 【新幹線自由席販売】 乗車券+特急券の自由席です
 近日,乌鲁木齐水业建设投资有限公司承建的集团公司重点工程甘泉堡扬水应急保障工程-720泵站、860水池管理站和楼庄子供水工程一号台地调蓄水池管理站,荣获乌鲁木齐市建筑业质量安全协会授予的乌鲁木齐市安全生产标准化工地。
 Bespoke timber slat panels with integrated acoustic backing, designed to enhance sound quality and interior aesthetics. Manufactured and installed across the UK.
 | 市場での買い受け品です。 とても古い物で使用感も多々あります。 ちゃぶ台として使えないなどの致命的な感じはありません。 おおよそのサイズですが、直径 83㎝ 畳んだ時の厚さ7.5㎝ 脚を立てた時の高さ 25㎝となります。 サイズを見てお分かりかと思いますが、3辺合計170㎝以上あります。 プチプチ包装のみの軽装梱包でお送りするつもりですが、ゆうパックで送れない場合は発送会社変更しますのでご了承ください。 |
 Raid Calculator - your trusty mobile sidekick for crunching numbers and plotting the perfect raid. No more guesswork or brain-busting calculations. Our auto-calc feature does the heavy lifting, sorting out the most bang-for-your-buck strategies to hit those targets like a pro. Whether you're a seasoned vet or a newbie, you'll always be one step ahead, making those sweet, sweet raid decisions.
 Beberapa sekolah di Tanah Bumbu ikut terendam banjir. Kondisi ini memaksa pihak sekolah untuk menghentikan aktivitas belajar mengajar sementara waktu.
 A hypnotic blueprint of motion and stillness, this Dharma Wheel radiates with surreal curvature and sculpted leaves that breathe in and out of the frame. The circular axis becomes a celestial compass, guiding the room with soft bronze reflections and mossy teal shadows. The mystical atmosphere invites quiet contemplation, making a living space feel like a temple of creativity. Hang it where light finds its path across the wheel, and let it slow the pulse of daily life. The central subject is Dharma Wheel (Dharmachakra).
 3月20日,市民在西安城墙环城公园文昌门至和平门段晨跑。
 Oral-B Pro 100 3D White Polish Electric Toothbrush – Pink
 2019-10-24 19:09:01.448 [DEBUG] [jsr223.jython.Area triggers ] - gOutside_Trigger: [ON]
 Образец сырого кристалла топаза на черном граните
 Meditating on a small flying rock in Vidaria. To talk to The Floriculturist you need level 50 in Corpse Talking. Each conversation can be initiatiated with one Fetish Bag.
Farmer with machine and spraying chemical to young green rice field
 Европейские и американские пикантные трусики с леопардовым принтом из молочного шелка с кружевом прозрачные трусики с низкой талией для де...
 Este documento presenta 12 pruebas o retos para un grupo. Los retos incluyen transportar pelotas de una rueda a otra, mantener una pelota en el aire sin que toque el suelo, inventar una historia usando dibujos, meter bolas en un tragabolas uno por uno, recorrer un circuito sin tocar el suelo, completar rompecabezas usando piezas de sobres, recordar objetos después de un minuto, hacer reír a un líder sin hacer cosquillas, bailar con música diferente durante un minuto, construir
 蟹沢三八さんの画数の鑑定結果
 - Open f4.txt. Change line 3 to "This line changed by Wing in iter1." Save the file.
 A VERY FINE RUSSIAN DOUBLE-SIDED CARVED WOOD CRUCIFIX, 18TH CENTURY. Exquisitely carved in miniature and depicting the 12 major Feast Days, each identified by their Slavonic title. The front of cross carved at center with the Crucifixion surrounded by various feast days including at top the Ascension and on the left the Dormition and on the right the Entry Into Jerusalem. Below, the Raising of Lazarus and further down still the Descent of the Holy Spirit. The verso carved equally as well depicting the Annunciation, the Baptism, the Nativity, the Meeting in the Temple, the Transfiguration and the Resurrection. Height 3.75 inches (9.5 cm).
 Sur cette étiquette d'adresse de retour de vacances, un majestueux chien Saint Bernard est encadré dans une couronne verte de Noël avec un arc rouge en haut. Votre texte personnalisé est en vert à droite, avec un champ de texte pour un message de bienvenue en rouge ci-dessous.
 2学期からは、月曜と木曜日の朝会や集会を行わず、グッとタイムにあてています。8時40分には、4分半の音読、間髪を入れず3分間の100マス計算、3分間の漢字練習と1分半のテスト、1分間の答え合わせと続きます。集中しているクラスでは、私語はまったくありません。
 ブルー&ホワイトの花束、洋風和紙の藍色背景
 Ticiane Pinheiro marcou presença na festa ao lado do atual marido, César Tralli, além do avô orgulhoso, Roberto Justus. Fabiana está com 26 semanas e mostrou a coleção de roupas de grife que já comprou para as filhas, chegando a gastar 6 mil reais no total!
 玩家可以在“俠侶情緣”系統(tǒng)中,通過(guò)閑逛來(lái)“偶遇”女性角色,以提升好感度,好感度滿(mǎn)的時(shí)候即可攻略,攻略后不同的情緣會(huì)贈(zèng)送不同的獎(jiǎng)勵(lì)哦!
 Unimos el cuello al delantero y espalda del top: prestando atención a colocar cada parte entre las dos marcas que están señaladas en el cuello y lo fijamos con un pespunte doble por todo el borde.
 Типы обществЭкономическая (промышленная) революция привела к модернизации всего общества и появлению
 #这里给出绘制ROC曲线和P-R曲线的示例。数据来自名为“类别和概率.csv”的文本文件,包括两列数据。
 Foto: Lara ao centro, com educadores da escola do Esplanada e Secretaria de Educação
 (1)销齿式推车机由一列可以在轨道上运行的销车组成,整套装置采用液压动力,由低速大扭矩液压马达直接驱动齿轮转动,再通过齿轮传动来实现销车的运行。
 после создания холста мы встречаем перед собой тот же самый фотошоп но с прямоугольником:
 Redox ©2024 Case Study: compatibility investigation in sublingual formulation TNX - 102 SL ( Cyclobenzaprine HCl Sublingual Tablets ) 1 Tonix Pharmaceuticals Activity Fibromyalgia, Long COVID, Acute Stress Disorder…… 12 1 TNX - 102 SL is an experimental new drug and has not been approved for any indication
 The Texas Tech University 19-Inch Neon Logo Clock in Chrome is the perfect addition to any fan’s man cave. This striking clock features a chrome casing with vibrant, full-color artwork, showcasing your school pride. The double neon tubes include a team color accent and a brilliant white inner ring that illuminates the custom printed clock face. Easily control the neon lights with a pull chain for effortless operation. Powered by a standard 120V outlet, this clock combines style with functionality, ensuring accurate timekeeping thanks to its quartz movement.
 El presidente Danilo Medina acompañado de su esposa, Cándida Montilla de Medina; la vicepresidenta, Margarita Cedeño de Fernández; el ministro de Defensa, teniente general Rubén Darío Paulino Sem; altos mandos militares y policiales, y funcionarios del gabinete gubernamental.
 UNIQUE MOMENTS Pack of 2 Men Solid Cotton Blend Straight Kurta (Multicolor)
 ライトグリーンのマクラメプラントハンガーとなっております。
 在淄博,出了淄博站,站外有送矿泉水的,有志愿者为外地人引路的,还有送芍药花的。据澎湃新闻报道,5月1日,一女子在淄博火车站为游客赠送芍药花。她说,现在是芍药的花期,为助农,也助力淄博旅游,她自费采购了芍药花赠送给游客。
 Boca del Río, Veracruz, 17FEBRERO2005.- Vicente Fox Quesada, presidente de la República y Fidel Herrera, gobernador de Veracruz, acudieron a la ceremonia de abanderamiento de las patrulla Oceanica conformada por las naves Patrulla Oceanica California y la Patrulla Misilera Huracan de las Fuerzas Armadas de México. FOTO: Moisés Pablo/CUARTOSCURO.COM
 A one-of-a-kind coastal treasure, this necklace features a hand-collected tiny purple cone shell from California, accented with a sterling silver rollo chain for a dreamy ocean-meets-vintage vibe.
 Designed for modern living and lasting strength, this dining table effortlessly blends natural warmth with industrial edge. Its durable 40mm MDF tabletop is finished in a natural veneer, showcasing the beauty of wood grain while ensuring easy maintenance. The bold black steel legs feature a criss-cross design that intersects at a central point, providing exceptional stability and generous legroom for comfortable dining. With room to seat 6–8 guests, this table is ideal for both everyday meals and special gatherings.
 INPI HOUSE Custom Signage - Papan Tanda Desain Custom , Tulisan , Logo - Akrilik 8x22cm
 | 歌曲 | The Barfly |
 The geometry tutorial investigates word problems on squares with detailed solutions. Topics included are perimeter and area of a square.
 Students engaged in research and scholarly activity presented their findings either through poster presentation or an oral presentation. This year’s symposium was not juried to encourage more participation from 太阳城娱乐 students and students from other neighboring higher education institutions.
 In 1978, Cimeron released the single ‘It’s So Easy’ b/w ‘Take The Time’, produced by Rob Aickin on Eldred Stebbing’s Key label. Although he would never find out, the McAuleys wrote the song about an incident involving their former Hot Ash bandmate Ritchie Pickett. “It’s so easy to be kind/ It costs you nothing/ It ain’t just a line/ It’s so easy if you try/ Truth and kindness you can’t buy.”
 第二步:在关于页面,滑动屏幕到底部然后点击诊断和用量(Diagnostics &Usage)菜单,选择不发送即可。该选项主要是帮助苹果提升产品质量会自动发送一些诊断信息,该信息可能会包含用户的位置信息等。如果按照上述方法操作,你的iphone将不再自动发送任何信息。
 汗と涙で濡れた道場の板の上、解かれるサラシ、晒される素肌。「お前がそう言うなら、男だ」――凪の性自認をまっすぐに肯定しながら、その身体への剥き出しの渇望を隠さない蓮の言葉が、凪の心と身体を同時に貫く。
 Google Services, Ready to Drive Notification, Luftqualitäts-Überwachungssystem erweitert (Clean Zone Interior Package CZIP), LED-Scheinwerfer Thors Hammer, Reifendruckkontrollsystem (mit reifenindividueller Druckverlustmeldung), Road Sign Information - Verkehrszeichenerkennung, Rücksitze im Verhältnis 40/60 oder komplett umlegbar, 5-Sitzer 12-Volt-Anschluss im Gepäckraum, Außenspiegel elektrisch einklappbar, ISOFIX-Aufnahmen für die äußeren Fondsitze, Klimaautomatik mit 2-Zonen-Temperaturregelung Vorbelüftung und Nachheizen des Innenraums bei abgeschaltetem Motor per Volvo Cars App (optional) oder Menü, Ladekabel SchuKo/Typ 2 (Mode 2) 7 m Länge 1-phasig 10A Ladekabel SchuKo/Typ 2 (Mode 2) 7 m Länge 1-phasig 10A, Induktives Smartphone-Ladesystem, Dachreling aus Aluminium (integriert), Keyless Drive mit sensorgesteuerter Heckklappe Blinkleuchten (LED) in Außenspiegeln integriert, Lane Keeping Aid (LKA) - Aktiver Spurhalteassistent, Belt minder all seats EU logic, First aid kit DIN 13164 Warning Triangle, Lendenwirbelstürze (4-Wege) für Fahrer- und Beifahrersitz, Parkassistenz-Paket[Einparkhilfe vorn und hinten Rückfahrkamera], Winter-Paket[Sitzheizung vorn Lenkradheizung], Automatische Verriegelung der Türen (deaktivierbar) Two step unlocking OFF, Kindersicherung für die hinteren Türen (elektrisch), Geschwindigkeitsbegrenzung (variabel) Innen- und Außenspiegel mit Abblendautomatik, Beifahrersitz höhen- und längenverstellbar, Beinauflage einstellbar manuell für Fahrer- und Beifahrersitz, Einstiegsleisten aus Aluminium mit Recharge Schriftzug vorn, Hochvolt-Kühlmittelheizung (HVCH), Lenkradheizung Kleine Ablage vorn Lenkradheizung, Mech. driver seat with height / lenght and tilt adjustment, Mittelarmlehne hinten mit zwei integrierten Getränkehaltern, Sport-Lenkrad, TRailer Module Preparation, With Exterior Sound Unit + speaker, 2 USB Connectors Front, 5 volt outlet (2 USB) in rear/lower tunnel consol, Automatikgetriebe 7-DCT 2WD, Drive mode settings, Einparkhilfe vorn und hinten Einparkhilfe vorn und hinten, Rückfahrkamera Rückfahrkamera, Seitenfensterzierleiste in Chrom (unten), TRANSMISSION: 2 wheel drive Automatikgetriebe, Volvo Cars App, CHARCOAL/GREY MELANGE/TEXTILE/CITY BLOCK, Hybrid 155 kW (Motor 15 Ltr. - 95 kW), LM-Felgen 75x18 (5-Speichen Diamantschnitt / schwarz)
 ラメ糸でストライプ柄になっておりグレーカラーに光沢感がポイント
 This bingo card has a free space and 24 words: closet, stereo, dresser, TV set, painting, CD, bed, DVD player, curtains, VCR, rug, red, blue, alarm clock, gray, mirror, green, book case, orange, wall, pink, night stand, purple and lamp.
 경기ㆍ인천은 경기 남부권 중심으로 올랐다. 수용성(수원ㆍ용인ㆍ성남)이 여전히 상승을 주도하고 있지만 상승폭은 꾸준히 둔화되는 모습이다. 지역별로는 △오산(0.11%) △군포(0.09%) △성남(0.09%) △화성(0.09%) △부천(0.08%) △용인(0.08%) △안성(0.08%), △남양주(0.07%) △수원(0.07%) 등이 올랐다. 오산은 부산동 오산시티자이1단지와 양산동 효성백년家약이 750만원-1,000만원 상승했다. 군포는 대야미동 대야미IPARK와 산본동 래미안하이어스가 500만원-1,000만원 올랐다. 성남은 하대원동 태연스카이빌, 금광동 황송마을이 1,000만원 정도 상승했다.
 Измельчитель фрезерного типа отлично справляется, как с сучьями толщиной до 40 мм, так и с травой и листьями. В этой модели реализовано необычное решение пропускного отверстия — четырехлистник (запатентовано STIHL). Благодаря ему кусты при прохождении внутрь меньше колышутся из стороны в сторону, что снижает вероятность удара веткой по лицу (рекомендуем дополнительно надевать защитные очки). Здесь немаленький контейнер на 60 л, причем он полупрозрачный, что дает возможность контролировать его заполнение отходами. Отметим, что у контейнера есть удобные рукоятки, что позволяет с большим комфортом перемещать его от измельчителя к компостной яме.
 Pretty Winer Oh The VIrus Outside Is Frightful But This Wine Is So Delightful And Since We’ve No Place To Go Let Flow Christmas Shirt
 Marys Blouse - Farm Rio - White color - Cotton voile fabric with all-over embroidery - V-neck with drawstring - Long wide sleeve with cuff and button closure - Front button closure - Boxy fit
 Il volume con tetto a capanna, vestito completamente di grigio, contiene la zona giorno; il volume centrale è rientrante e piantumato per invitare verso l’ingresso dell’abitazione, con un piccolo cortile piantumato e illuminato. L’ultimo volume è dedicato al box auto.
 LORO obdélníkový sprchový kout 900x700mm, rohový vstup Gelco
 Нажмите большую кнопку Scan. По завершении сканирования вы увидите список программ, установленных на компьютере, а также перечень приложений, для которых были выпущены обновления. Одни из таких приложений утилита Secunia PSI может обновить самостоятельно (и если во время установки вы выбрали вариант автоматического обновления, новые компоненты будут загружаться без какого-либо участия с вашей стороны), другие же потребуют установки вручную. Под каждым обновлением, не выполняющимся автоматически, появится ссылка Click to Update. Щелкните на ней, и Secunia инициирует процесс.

· · ·

__What you have to do__. Which lines run from the one holding "(1)销齿式推车机由一列可以" through the one holding "Redox ©2024 Case" in the records above? Repeat them exactly, both included, and nothing more.

__Exercise response__.
 (1)销齿式推车机由一列可以在轨道上运行的销车组成,整套装置采用液压动力,由低速大扭矩液压马达直接驱动齿轮转动,再通过齿轮传动来实现销车的运行。
 после создания холста мы встречаем перед собой тот же самый фотошоп но с прямоугольником:
 Redox ©2024 Case Study: compatibility investigation in sublingual formulation TNX - 102 SL ( Cyclobenzaprine HCl Sublingual Tablets ) 1 Tonix Pharmaceuticals Activity Fibromyalgia, Long COVID, Acute Stress Disorder…… 12 1 TNX - 102 SL is an experimental new drug and has not been approved for any indication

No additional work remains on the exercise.